Data excerpts:
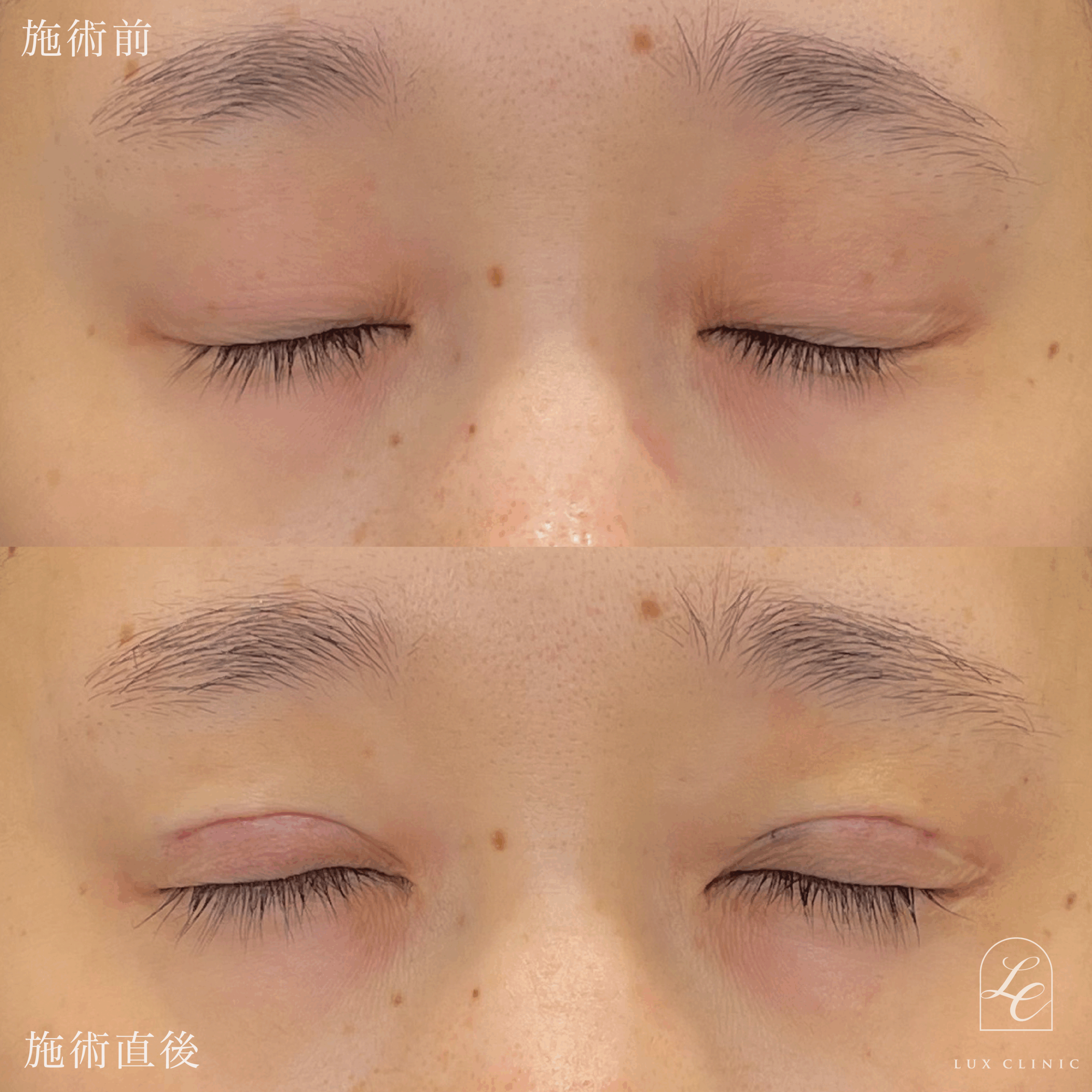 二重埋没法(クイックベーシック法 3点留め) + 目の下のクマ取り、ふくらみ取り(脱脂)術
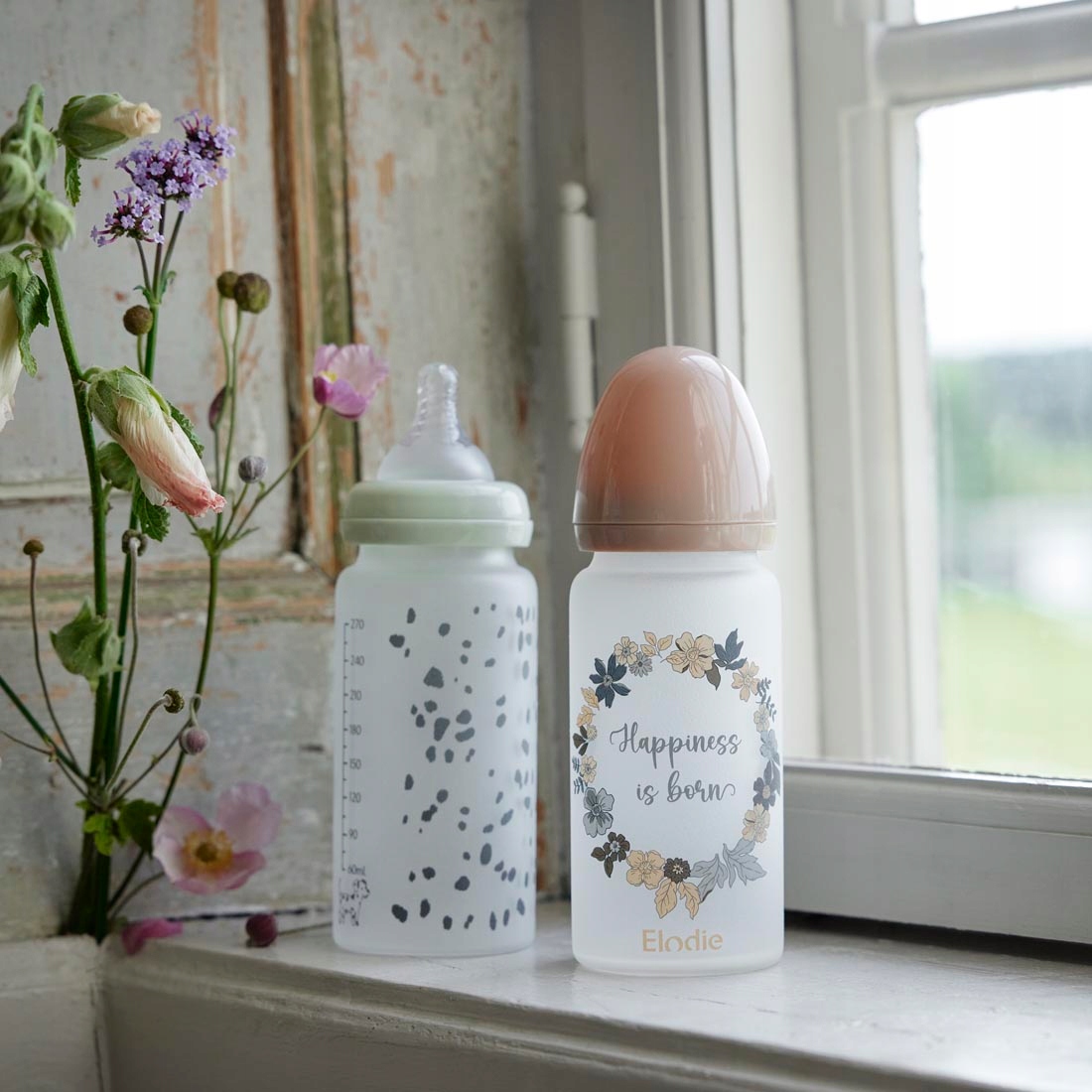 Екологічно чиста скляна пляшечка для годування Elodie із термостійкого боросилікатного скла з соскою з повільним потоком — ідеальна перша пляшечка для вашої дитини. Його не може не вистачати в білизні вашого малюка.
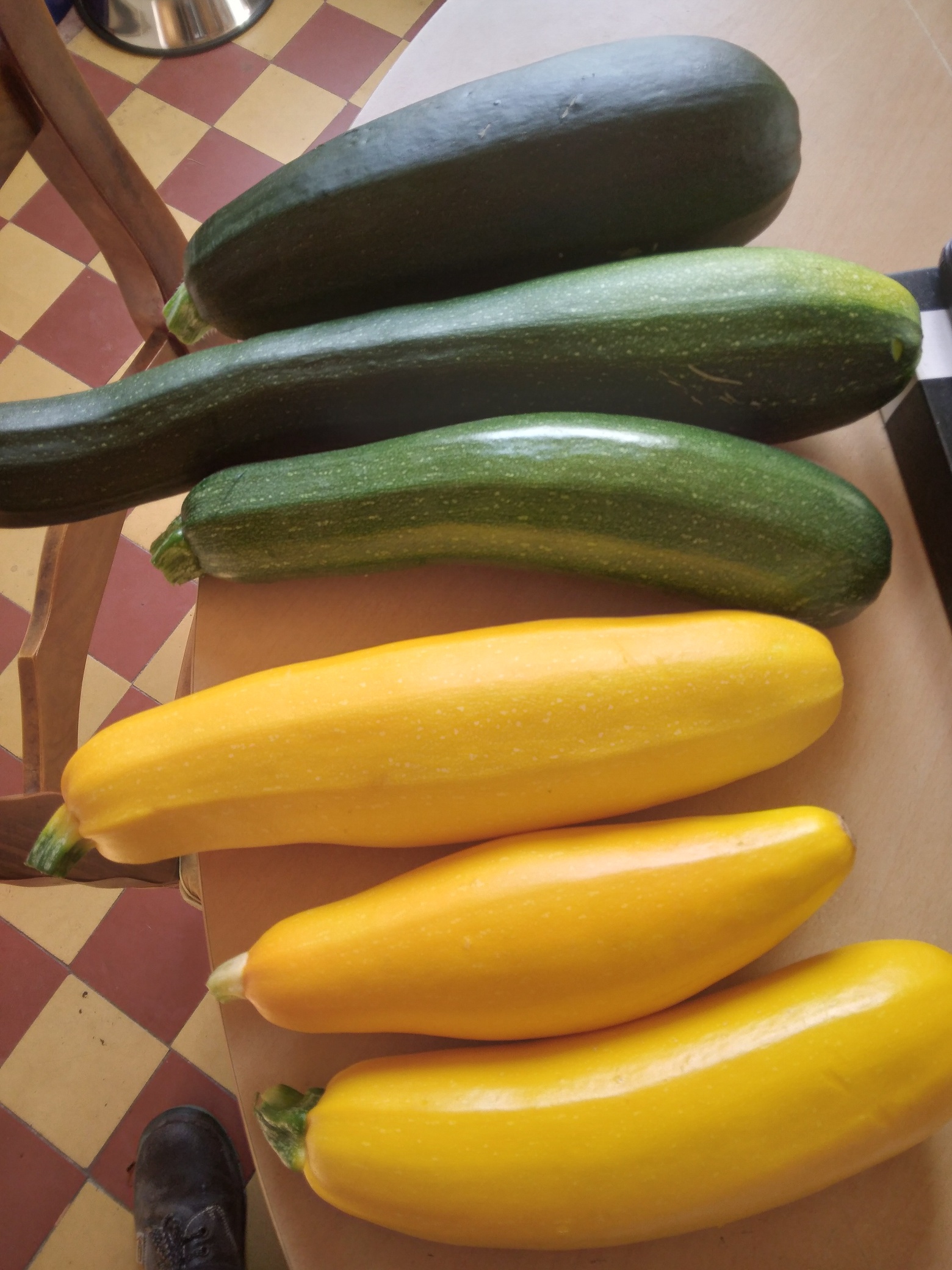 Encore des courgettes. Les tomates arrivent mais elles sont encore vertes pour l'instant.
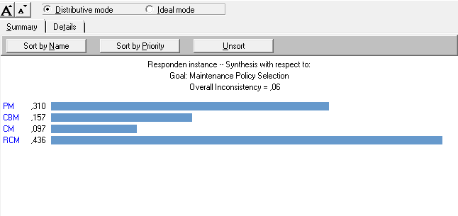 Berdasarkan Gambar 2, hasil sintesis bobot alternatif AHP untuk “Maintenance Policy Selection” menunjukkan bahwa RCM (Reability Centered Maintenance) menjadi strategi paling optimal dengan bobot 0,436 karena mampu menjaga keandalan peralatan. PM (Preventive Maintenance) menempati urutan kedua dengan bobot 0,310 melalui pemeliharaan terjadwal, disusul CBM (Condition Based Maintenance) dengan bobot 0,157 yang digunakan bila tersedia data kondisi peralatan. CM (Corrective Maintenance) berada pada prioritas terendah dengan bobot 0,097 karena bersifat reaktif.
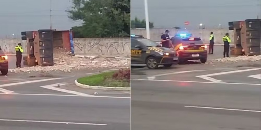 No vídeo, é possível observar o veículo tombado de lado, obstruindo parte da via, enquanto o material transportado estava espalhado pela pista. Essa cena surpreendente resultou em um congestionamento temporário, já que motoristas foram obrigados a reduzir a velocidade para contornar a situação.
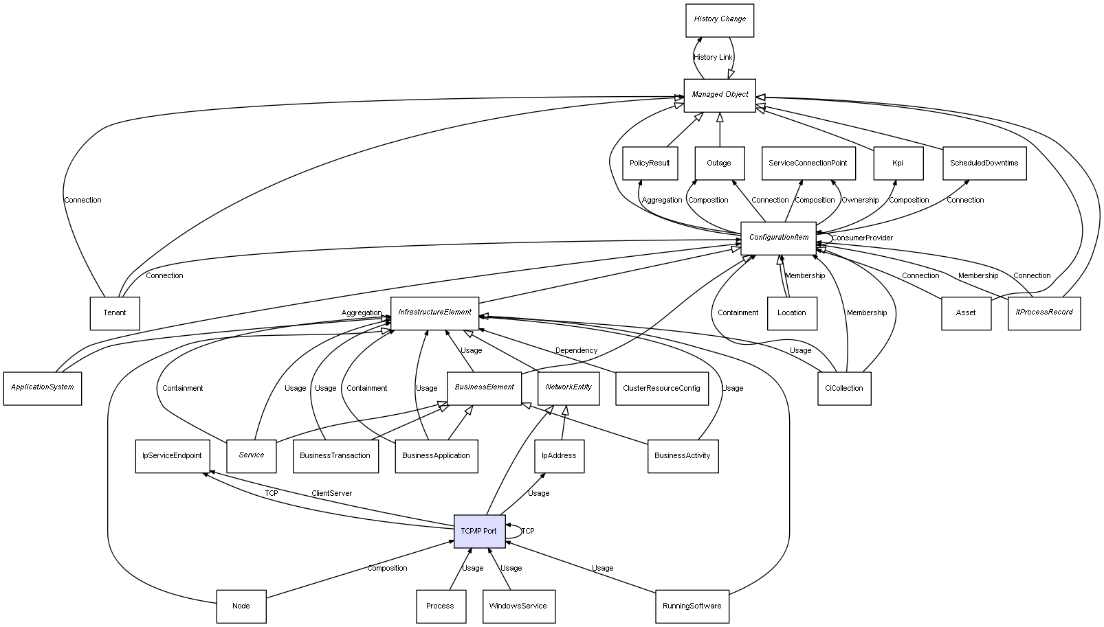 | TCP/IP Port | IpServiceEndpoint | ClientServer | The Client-Server relationship indicates the two CIs communicate with each other where one CI acts as a client while the other acts a server. |
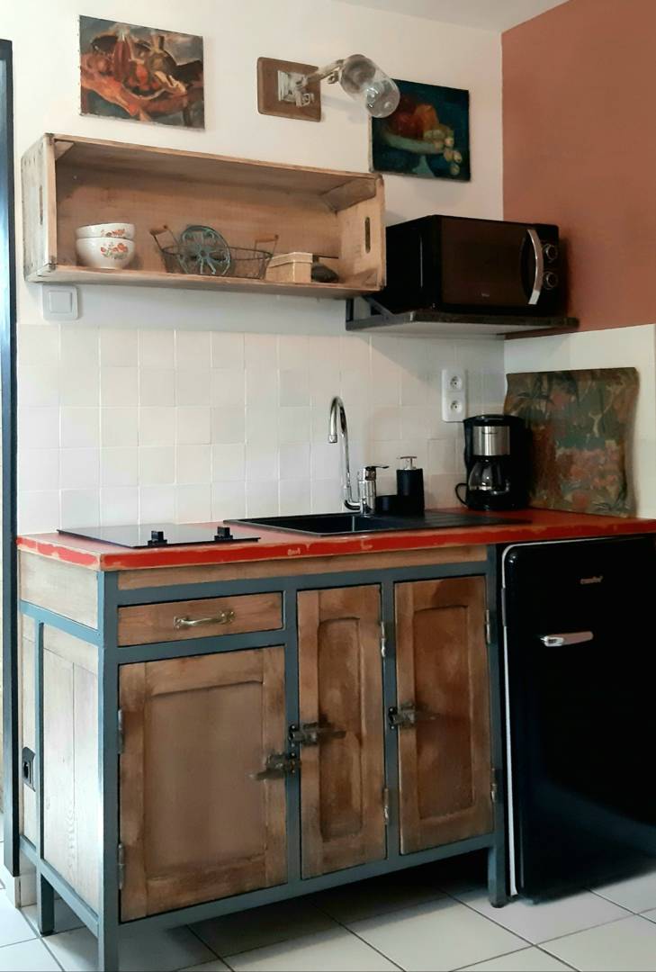 . le coin cuisine avec plaque vitrocéramique, micro-onde, réfrigérateur, placards, table et chaises, vaisselle et produits de 1ère nécessité
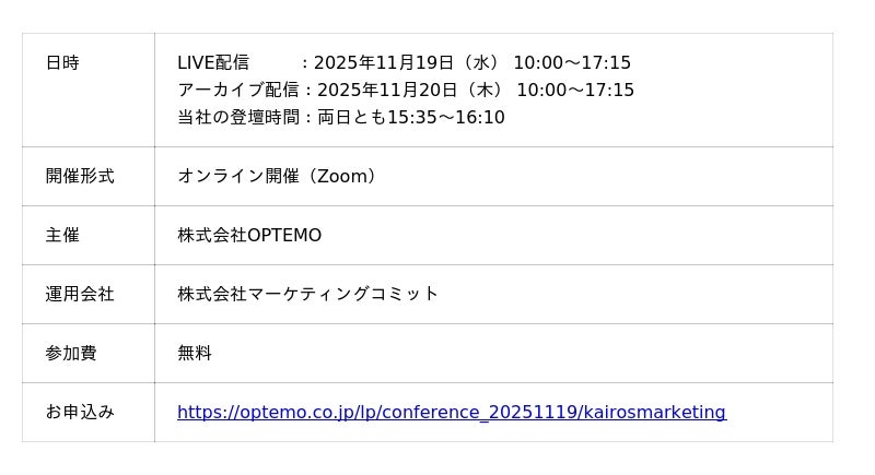 “次の一手”がデータでわかるMA+SFA一体型ツール「Kairos3(カイロススリー)」を提供するカイロスマーケティング株式会社(本社:東京都渋谷区、代表取締役:佐宗 大介、以下「当社」)は、2025年11月19日(水)開催、株式会社OPTEMOが主催するオンラインカンファレンス「The Moment 2025 AI時代の“選ばれる体験”をどう作るか? 変化する“BtoB意思決定プロセス”の最前線」に、当社取締役 COO 白井 則行が登壇することをお知らせします。
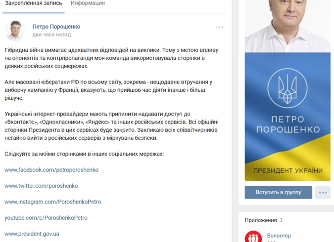 Более того, аккаунты самого Петра Порошенко в «Одноклассниках» и «ВКонтакте» живы-здоровы и даже публикуют новые записи. Последние — как раз на тему блокировки.
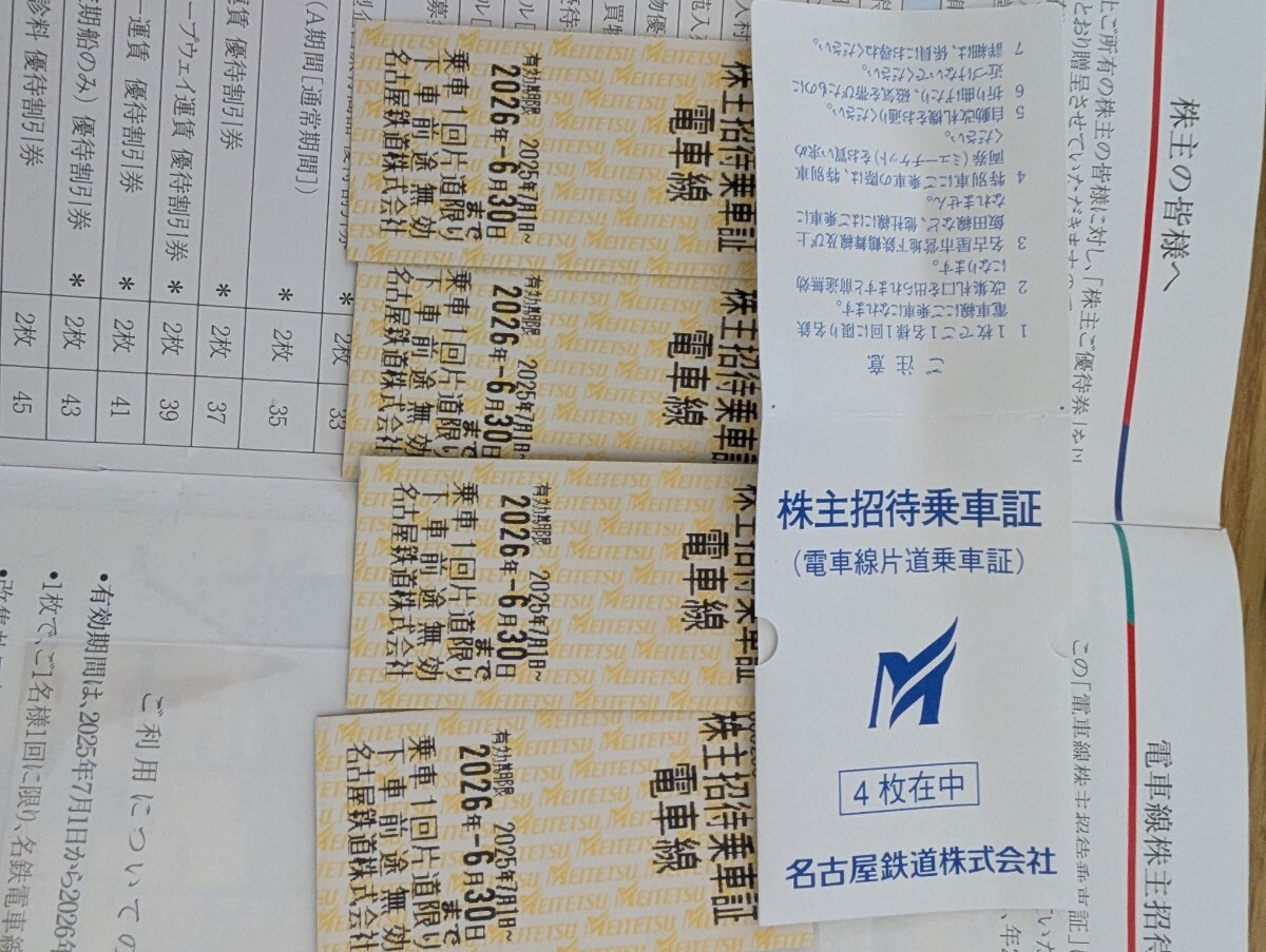 - 名古屋鉄道 株主優待乗車証 乗車券2026年6月30日まで有効4枚セット

- ASSIGNED TASK:
Please print each entry exactly as it stands, without the pictures.

- RESPONSE AREA:
 二重埋没法(クイックベーシック法 3点留め) + 目の下のクマ取り、ふくらみ取り(脱脂)術
 Екологічно чиста скляна пляшечка для годування Elodie із термостійкого боросилікатного скла з соскою з повільним потоком — ідеальна перша пляшечка для вашої дитини. Його не може не вистачати в білизні вашого малюка.
 Encore des courgettes. Les tomates arrivent mais elles sont encore vertes pour l'instant.
 Berdasarkan Gambar 2, hasil sintesis bobot alternatif AHP untuk “Maintenance Policy Selection” menunjukkan bahwa RCM (Reability Centered Maintenance) menjadi strategi paling optimal dengan bobot 0,436 karena mampu menjaga keandalan peralatan. PM (Preventive Maintenance) menempati urutan kedua dengan bobot 0,310 melalui pemeliharaan terjadwal, disusul CBM (Condition Based Maintenance) dengan bobot 0,157 yang digunakan bila tersedia data kondisi peralatan. CM (Corrective Maintenance) berada pada prioritas terendah dengan bobot 0,097 karena bersifat reaktif.
 No vídeo, é possível observar o veículo tombado de lado, obstruindo parte da via, enquanto o material transportado estava espalhado pela pista. Essa cena surpreendente resultou em um congestionamento temporário, já que motoristas foram obrigados a reduzir a velocidade para contornar a situação.
 | TCP/IP Port | IpServiceEndpoint | ClientServer | The Client-Server relationship indicates the two CIs communicate with each other where one CI acts as a client while the other acts a server. |
 . le coin cuisine avec plaque vitrocéramique, micro-onde, réfrigérateur, placards, table et chaises, vaisselle et produits de 1ère nécessité
 “次の一手”がデータでわかるMA+SFA一体型ツール「Kairos3(カイロススリー)」を提供するカイロスマーケティング株式会社(本社:東京都渋谷区、代表取締役:佐宗 大介、以下「当社」)は、2025年11月19日(水)開催、株式会社OPTEMOが主催するオンラインカンファレンス「The Moment 2025 AI時代の“選ばれる体験”をどう作るか? 変化する“BtoB意思決定プロセス”の最前線」に、当社取締役 COO 白井 則行が登壇することをお知らせします。
 Более того, аккаунты самого Петра Порошенко в «Одноклассниках» и «ВКонтакте» живы-здоровы и даже публикуют новые записи. Последние — как раз на тему блокировки.
 - 名古屋鉄道 株主優待乗車証 乗車券2026年6月30日まで有効4枚セット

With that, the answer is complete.